-- WORK REQUIRED --
Once the line containing "Stoer is deze" is found in the material below, it and every line after it should be transcribed exactly, with pictures left out and nothing added.

-- SUPPLIED INFORMATION --
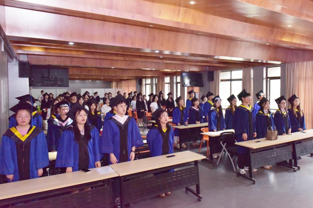 毕业生学位授予仪式在澎湃的国歌声中开始。副院长佘醒宣读学士学位授予决定,副院长宋益民宣读硕士学位授予决定。
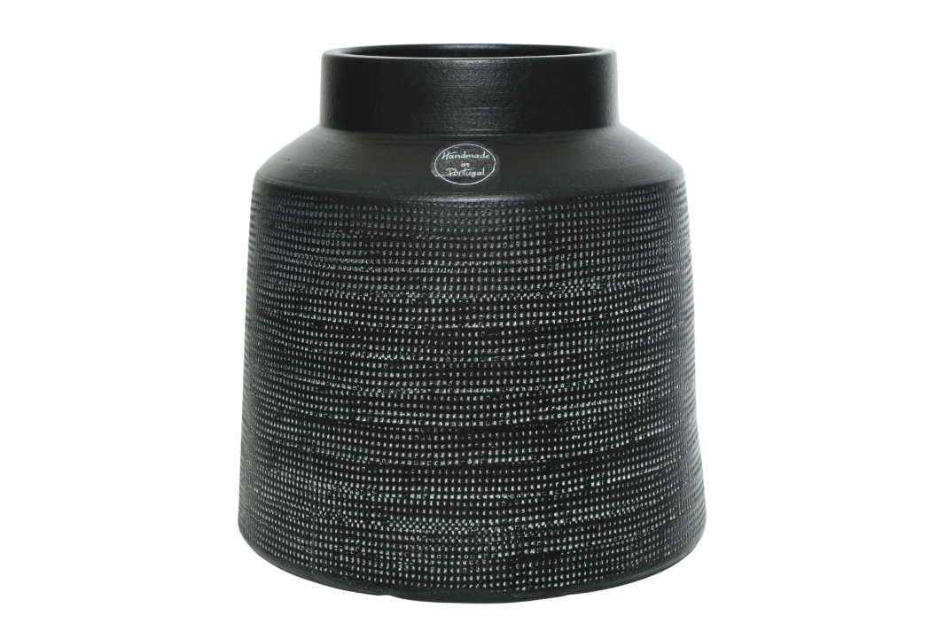 Stoer is deze matzwarte terracotta vaas met grillige ministipjes. Een model waarin bloemen mooi losjes uiteen vallen dankzij de grote opening. Bovendien steken ze extra mooi af tegen dat diepzwart. €9,99 | 23l x 23b x 23h | Karwei.nl
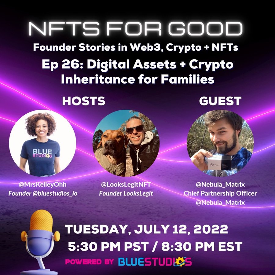 @MrsKelleyOhh, @LooksLegitNFT, and @Nebula_Matrix will be discussing the integration of @Inheriti_com within @BlueStudios_io upcoming family #DeFi Wallet 👀👨👩👧👦🛡
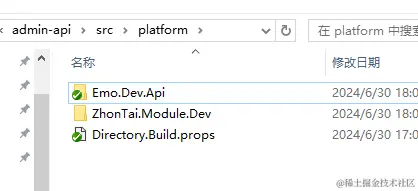 - 将生成的模块代码 ZhonTai.Module.Dev 拷贝到在新项目中

-- REPLY TO THE EXERCISE --
 Stoer is deze matzwarte terracotta vaas met grillige ministipjes. Een model waarin bloemen mooi losjes uiteen vallen dankzij de grote opening. Bovendien steken ze extra mooi af tegen dat diepzwart. €9,99 | 23l x 23b x 23h | Karwei.nl
 @MrsKelleyOhh, @LooksLegitNFT, and @Nebula_Matrix will be discussing the integration of @Inheriti_com within @BlueStudios_io upcoming family #DeFi Wallet 👀👨👩👧👦🛡
 - 将生成的模块代码 ZhonTai.Module.Dev 拷贝到在新项目中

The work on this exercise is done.